The closing poem, "Marriage of Many Years" alone is reason enough to buy this.
The first 2 themes were a little tough for me to connect with but starting with the theme of Remembrance these poems are moving and powerful.
I particularly enjoyed the story poems. These captured whole stories in narrative poem form.
If you do nothing else, go find Marriage of Many Years and read it...it's only 2 stanzas so even if you hate poetry two stanzas is something you can handle.
Normally, I enjoy poems, but I don't LOVE them because I don't always quite "get" them... But I really liked a lot of these poems! This is probably my favorite book of poems that I've read. The poems were (mostly) short, easy to understand, and relatable. I'd definitely recommend it to poetry lovers, and anyone who doesn't normally read a ton of poems, but can still appreciate them. Note: I received this book for free through Goodreads Giveaways.
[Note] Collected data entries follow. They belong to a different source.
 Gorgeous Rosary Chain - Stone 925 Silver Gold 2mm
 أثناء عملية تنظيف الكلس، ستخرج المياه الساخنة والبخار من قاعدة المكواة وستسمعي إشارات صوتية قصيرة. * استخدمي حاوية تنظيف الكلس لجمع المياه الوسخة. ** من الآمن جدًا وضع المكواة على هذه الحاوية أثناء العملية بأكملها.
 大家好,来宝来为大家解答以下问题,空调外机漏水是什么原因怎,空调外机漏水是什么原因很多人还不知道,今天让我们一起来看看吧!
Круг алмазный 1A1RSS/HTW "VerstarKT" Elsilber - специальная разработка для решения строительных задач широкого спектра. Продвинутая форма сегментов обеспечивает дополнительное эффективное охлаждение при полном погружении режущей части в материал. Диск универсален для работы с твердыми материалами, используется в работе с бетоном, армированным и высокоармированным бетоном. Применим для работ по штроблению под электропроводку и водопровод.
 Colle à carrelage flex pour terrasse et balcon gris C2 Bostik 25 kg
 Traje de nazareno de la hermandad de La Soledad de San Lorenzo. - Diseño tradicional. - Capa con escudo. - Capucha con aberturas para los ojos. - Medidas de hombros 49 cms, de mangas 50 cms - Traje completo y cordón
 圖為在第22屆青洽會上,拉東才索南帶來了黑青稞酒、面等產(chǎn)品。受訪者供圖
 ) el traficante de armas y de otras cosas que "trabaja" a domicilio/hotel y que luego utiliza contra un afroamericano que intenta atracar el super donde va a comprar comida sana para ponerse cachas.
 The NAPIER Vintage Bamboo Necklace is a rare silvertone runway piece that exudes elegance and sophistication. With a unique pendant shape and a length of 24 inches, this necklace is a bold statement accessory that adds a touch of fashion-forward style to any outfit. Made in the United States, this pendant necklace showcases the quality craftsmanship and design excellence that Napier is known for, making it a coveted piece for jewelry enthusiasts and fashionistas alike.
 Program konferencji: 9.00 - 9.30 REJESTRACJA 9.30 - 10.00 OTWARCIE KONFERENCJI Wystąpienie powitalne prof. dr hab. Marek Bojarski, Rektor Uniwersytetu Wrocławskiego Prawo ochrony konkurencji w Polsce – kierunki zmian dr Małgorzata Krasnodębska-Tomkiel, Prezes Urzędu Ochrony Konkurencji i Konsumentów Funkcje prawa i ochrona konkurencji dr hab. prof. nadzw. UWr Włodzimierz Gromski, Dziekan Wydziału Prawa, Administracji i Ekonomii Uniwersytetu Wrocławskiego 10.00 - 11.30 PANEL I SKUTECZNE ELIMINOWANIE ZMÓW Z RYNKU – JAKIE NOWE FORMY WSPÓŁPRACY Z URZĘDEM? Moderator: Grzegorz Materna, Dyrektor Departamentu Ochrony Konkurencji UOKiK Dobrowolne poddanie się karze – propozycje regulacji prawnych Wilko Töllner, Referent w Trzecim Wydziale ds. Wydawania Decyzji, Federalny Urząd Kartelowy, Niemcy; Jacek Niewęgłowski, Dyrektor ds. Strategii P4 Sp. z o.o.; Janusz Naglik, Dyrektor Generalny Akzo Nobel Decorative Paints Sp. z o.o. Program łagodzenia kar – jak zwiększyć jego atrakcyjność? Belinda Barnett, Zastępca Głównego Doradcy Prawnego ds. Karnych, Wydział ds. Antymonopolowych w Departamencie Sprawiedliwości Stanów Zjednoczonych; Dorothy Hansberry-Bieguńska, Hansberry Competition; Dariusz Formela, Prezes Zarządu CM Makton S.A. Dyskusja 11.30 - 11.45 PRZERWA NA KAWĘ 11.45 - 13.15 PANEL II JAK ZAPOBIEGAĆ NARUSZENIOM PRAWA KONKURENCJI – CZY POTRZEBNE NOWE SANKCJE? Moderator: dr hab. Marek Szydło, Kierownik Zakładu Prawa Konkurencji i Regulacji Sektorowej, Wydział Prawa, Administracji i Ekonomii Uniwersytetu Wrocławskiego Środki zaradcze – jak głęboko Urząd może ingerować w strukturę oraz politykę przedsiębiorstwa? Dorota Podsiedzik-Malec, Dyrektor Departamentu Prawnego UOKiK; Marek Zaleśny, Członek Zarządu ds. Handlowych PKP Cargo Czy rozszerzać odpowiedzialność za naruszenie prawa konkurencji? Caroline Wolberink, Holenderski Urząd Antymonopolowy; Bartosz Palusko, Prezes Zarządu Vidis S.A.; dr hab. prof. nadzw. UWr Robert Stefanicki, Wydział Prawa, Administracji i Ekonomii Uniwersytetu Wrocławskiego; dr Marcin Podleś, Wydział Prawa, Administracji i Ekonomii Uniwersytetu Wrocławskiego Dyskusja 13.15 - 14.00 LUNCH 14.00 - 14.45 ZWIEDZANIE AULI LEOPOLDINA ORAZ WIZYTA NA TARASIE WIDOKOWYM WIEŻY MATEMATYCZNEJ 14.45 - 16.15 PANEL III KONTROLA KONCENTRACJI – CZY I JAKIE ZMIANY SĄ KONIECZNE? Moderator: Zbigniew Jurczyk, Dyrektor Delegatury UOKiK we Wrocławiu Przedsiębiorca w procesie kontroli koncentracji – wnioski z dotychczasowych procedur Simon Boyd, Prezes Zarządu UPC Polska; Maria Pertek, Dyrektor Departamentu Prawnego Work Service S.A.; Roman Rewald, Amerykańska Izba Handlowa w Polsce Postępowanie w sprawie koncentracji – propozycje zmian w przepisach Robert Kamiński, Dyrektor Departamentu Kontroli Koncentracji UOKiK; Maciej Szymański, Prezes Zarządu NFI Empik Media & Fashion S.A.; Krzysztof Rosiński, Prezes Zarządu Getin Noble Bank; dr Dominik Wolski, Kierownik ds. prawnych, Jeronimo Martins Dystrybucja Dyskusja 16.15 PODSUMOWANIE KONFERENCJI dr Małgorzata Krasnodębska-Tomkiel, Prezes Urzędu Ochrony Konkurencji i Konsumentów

Gioia is an excellent poet, with ways of saying things in an economy of words, that finds you where you live. Which is, of course, what poets do. This is an interesting and engaging volume. I was at first confused as to why he added pithy short stories in a discrete section. Dunno, but they are worth reading, and show what a great writer can do in an economy of words. Top echelon of American poets.
Simply lovely. Reverent, down-to-earth, jocular, true. I savored each and every poem over the course of a year and a half, and I permanently dog-eared about 30 pages.
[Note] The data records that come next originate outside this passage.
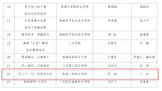 本網(wǎng)訊(通訊員 高 暢)近日,海南省教育廳關(guān)工委對2022年海南省高校“讀懂中國”活動評審結(jié)果發(fā)布通報,我校推薦的2個作品獲獎。其中,由韓偉、劉蕓瑛兩位老師指導(dǎo),譚青蝶同學(xué)微視頻作品《追光者》榮獲“最佳微視頻”;由于冰老師指導(dǎo),符翔同學(xué)征文作品《關(guān)心下一代,祖國有未來》,榮獲“優(yōu)秀征文”獎。
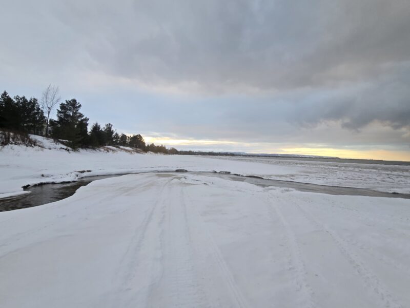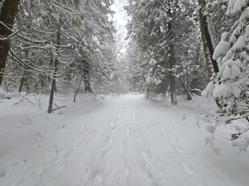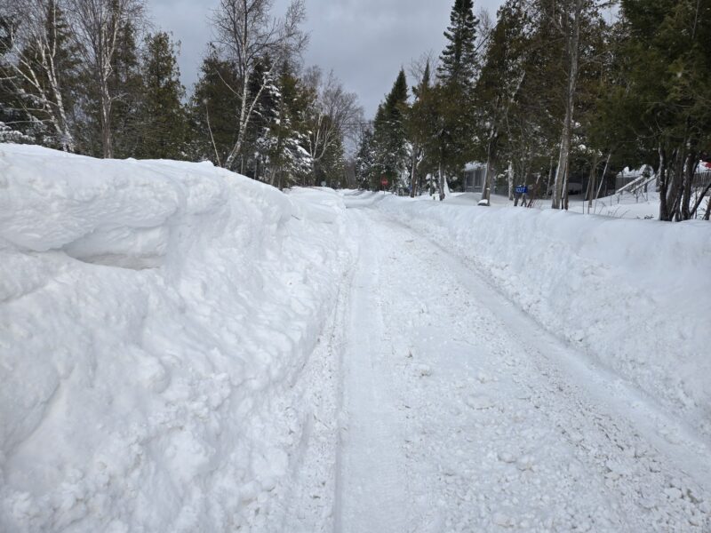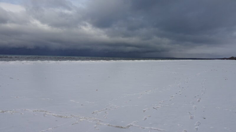 Sunday, December 7th, 2025 – Walking down the beach on Sunday afternoon. Snow squalls to the northeast across the Bay near Christian Island.Monday, December 8th, 2025 – The skies cleared on Monday afternoon. This picture taken looking west from near 57th street.Tuesday, December 9th, 2025 – With steady winds, beach area 5 was frozen and swept clear of snow. Perfect for walking down the beach! Strangely, around Beach 2 and 3, the snow is deep, and the beach is hard to get to, let alone walk on.Wednesday, December 10th, 2025 – Walking down the trail from the Recplex to Shore Lane on Wednesday afternoon after another snowfall.Thursday, December 11th, 2025 – The snow fell all day, faster than I could clear it. This picture was taken just after clearing the driveway for the second time, Thursday, December 11th, 2025 – We are running out of places to put the snow.Friday, December 12th, 2025 – Secondary roads like Shore Lane were hard to get down without a four-wheel drive. There was too much snow on the beach, so I walked down these tire ruts along Shore Lane instead.Friday, December 12th, 2025 – The ice at the Recplex outdoor rink is in great shape this year, with nights getting down into the minus teens.Saturday, December 13th, 2025 – By Saturday, the beach was walkable again with snowmobile trails up and down the full length of the beach.Saturday, December 13th, 2025 – The relatively warm water in Georgian Bay along with cold air temperatures is perfect for generating snow squalls.
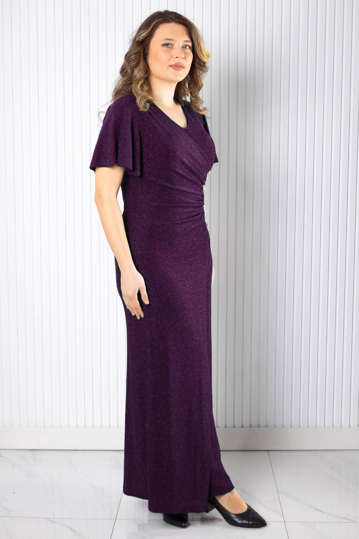 TAŞ BASKI DETAYLI SİMLİ ABİYE (MDA2533-MÜRDÜM)
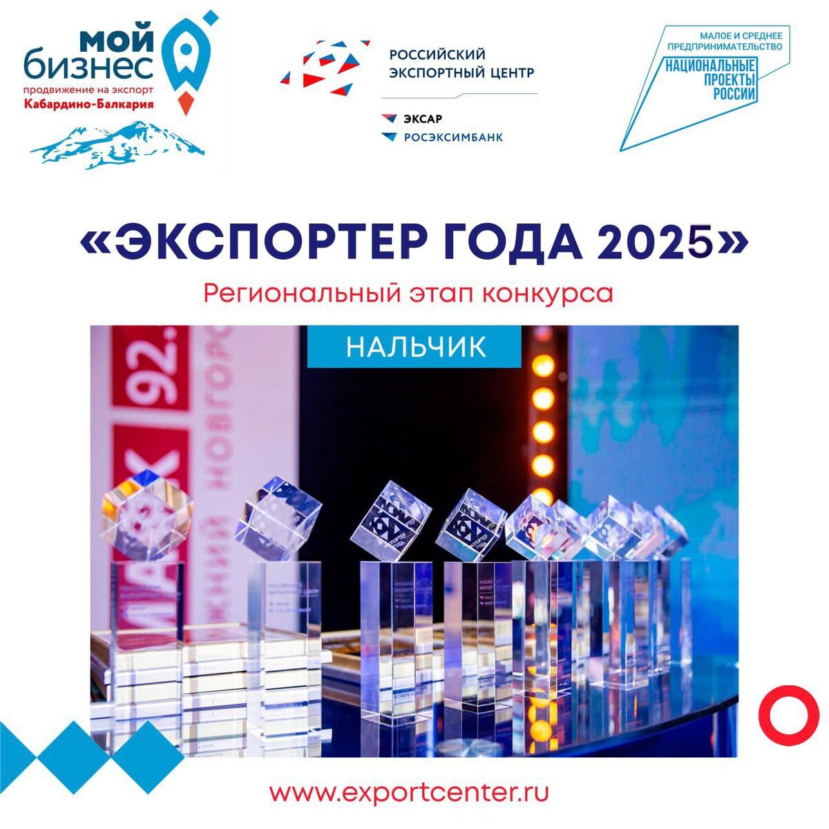 «Экспортер года» - крупнейшее профильное мероприятие для МСП – экспортеров, всероссийская премия в области международной кооперации и экспорта. В конкурсе приняли участие экспортеры из числа субъектов МСП, которые зарегистрированы и осуществляют деятельность в КБР. За исключением победителей регионального этапа конкурса «Экспортер года 2024». -номинация «Экспортер года в сфере промышленности»: Победитель – ООО «Техно-Алмаз» -номинация «Экспортер года в сфере пищевой промышленности»: Победитель – ООО «Сириус М» -номинация «Экспортер года в сфере агропромышленного комплекса»: Победитель – ООО «Гибрид СК» -номинация «Экспортер года в сфере высоких технологий»Победитель – ООО «Корпорация ДНК» -номинация «Прорыв года»: Победитель - ООО «Садкомплект» -номинация «Лучшая женщина экспортер»:Победители – ООО «ТИС» Региональный этап конкурса на соискание премии организуется Центром «Мой бизнес» КБР при содействии Минэкономразвития КБР.
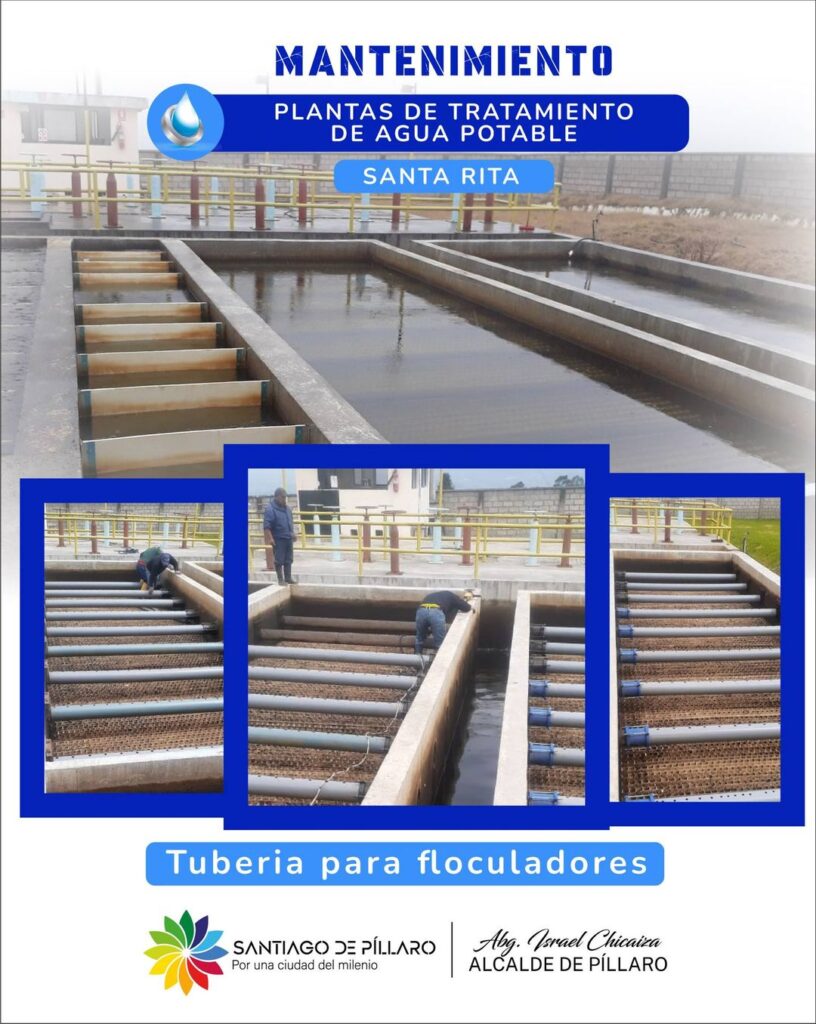 Con el objetivo de mejorar la oxigenaciรณn y potabilizaciรณn del agua de consumo , la municipalidad de Pรญllaro, bajo el liderazgo del alcalde Israel Chicaiza, ha realizado el mantenimiento de la Planta de Santa Rita.
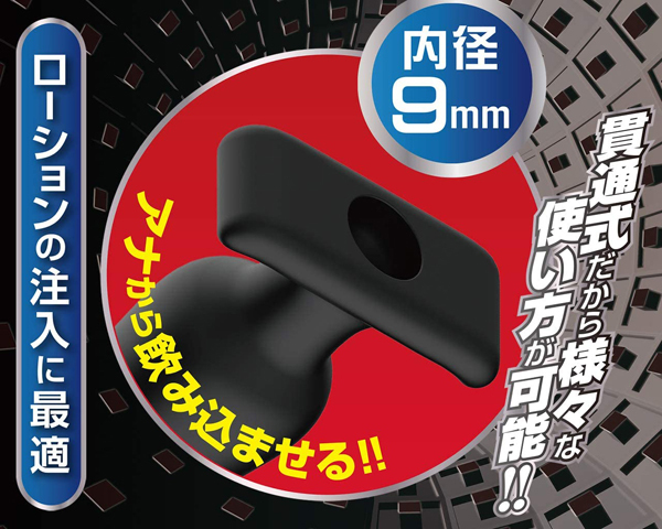 ミニサイズで初心者さんでも安心して挿入できる!ローションの注入にも便利な貫通式のアナルプラグ。内径約9mmの口が開いているので、液体を注入したりナカを覗いたり…アイデア次第で色んなプレイが楽しめる!

"... And memory insists on pining For places it never went, As if life would be happier Just by being different."
Divided into 7 categories by the author. May be the most cogent poetry categorization I have come across. My favorite section was the first - mystery - which was philosophy-as-poetry for me. Compared to the poetry, I was surprised by the radical difference of the 'stories' section - short prose pieces that were haunted as hell.
In his distinct voice--strong, assured, nuanced, compassionate--Dana Gioia writes with an intensity that quickly draws the reader into the scene, into the moment, into the feeling. Time and loss, often combining to create love (though love of a longing sort) imbue many of these poems.
The poem Summer Storm is phenomenal, but it’s the only one that stuck with me. It’s easily worth the price of the whole collection, though. That said, I did enjoy most all of the poems, but I think I might need to return to these in 5-10 years to be able to relate even more.
Surprised me, since he has been "trendy" in Catholic circles and also a professor, I'd made assumptions -- looking for cliche, figured he'd follow accepted format in thinking and presenting, etc. Really good work. Glad I tried it.
A wonderful collection, makes me want to reread the earlier books. I don’t take to each and every poem, but all are crafted and lovely. I often found myself shuddering and marveling.